The same article by Wedderburn shows how iterated reweighted least-squares is equivalent to the Gauss-Newton method of optimizing the likelihood function (and mentioned in Kjetil's answer).

About the article.

I find it confusing. I am not sure what the point is that it wants to make. You write

The insights discussed here are known in the statistics community [1, 2], but less so in the high-energy physics community.

It is admirable to explain the points from those two references. But which insights are being shared is not so clear to me. There seems to be a thing about computation speed differences (or the number of iterations, which is different than speed) and robustness differences (whatever that might mean) between using the iterated reweighted least squares method and the MIGRAD and MINUIT algorithms, but this is not made very clear (and my intuition tells me that IRLS is just like Gauss-Newton, also a straightforward minimizer of the likelihood, where it is not clear why this should be better than MIGRAD or MINUIT). Figure 1 shows something but I do not understand how it makes it more clear or whether it is even sufficient (heuristic) proof/indication.

About the derivation.

We start by considering a histogram of $k$ samples $x_i$. Since the samples are independently drawn from a PDF, the histogram counts $n_l$ are uncorrelated and Poisson-distributed.

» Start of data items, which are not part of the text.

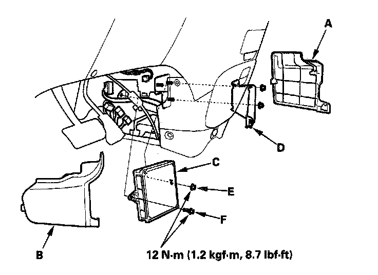 4. Remove the PCM mounting bolt (F) and remove the PCM.
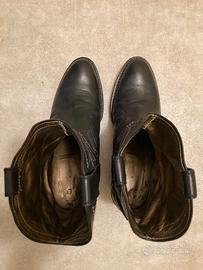 Vendo stivaletti tronchetti bassi, tipo texani camperos. Marca Janet & Janet, vera pelle, colore nero con cuciture bianche, numero 38, tacco 6 cm. Come si può vedere dalle foto sono in ottime condizioni. Purtroppo li devo vendere, perchè ho sbagliato misura, per me sono troppo grandi.
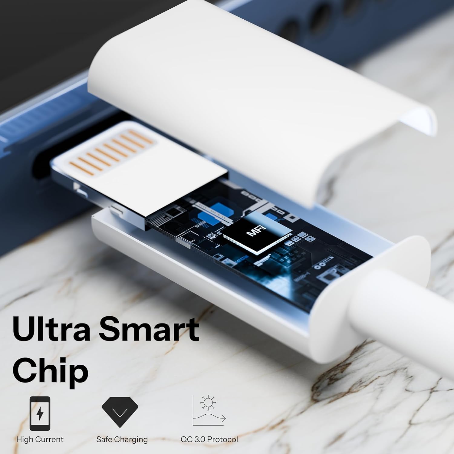 MFi Certified: Ensures the cable is made to meet Apple’s standards for compatibility and performance, preventing compatibility issues.
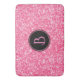 Modern Pink Glitter Texture With Monogram Bath Mat
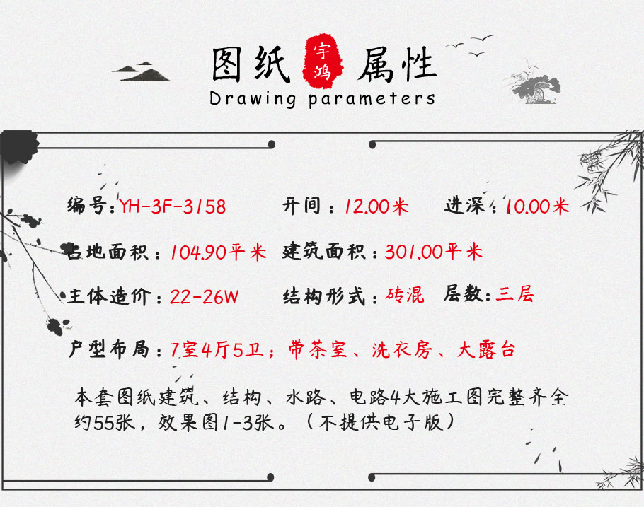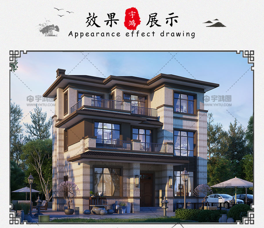 風(fēng)格:新中式 | 層數(shù):三層 | 結(jié)構(gòu)形式:磚混結(jié)構(gòu) | 圖紙編號:YH-A-3158 |
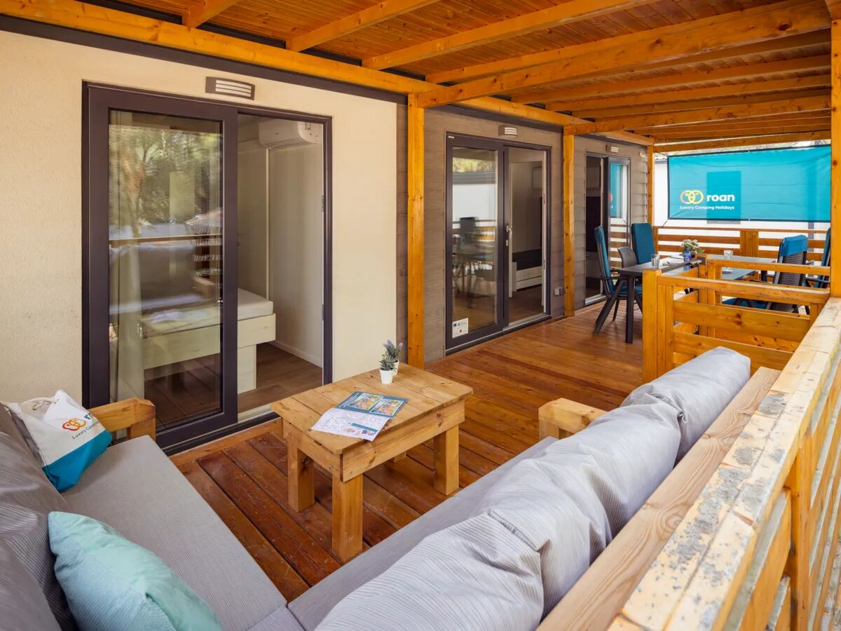 The decking is fully covered and no less than 24 m2. With the Roan sunbanner you can always create shade under the porch, here you will also find a luxurious garden set. On the other side of the decking is a beautiful lounge sofa with large comfortable cushions and a side table. On the campsite page, you can read which free barbecue/grill plate your accommodation has.

Following the IWLS approach, we minimize the function

$$Q( \mathbf{p} ) = \sum_l \frac{( n_l − kP_l )^2}{k \hat{P̂}_l}$$

and iterate, where $P_l ( \mathbf{p} ) = \int_{x_l}^{x_l + \delta x} f(x;\mathbf{p}) dx$ is the expected fraction of the samples in bin $l$...

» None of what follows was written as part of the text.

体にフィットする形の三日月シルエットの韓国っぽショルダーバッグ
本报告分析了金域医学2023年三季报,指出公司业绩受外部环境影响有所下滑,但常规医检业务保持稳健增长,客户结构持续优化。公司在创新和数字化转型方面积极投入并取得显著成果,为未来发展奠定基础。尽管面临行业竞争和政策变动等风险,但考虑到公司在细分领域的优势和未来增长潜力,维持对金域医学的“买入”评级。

I do not see this as a typical iterated reweighted least-squares method where you only assume the variance as a function of the mean.

Instead, in this derivation, you use very explicitly the distribution density $f(x;\mathbf{p})$ as a starting point and not only the variance of the distribution as a function of mean of the distribution.

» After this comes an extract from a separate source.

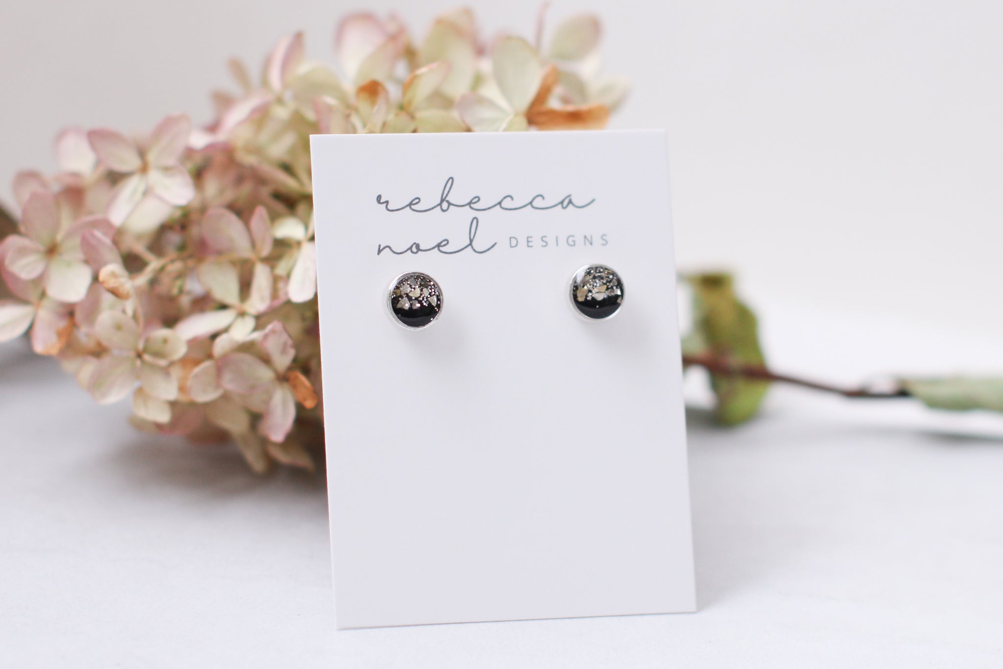 Cute, fun and still classy!  These small silver and black stud earrings handcrafted from epoxy clay, glitter, and resin.  Posts are hypoallergenic stainless steel.
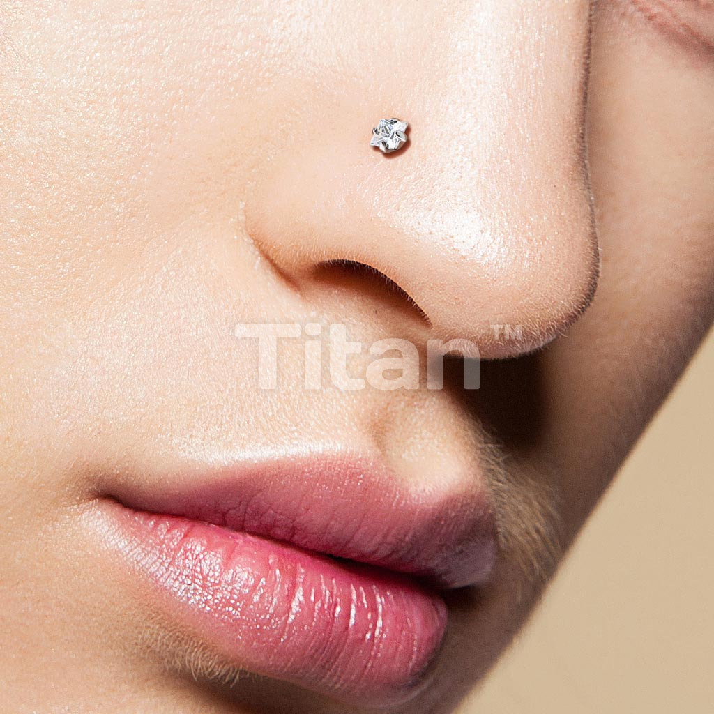 Implant Grade Titanium L Bend Nose Stud With Prong Set Square CZ

What you are basically doing is showing that a discretized version of likelihood maximization by histograms and by means of Poisson distribution for the distribution in the bins is asymptotically equal to a continuous likelihood maximization. (You are basically finding the distribution that optimizes Pearson's Chi-squared statistic and then take the limit of bin sizes to zero).

While it is an interesting derivation for the equivalence of the two, this is not really the typical iterated reweighted least squares method where you only need the variance of the distribution as a function of the mean of the distribution. What you do here is not a fitting of the (conditional) expectation, but instead a fitting of the entire probability density (by means of a histogram).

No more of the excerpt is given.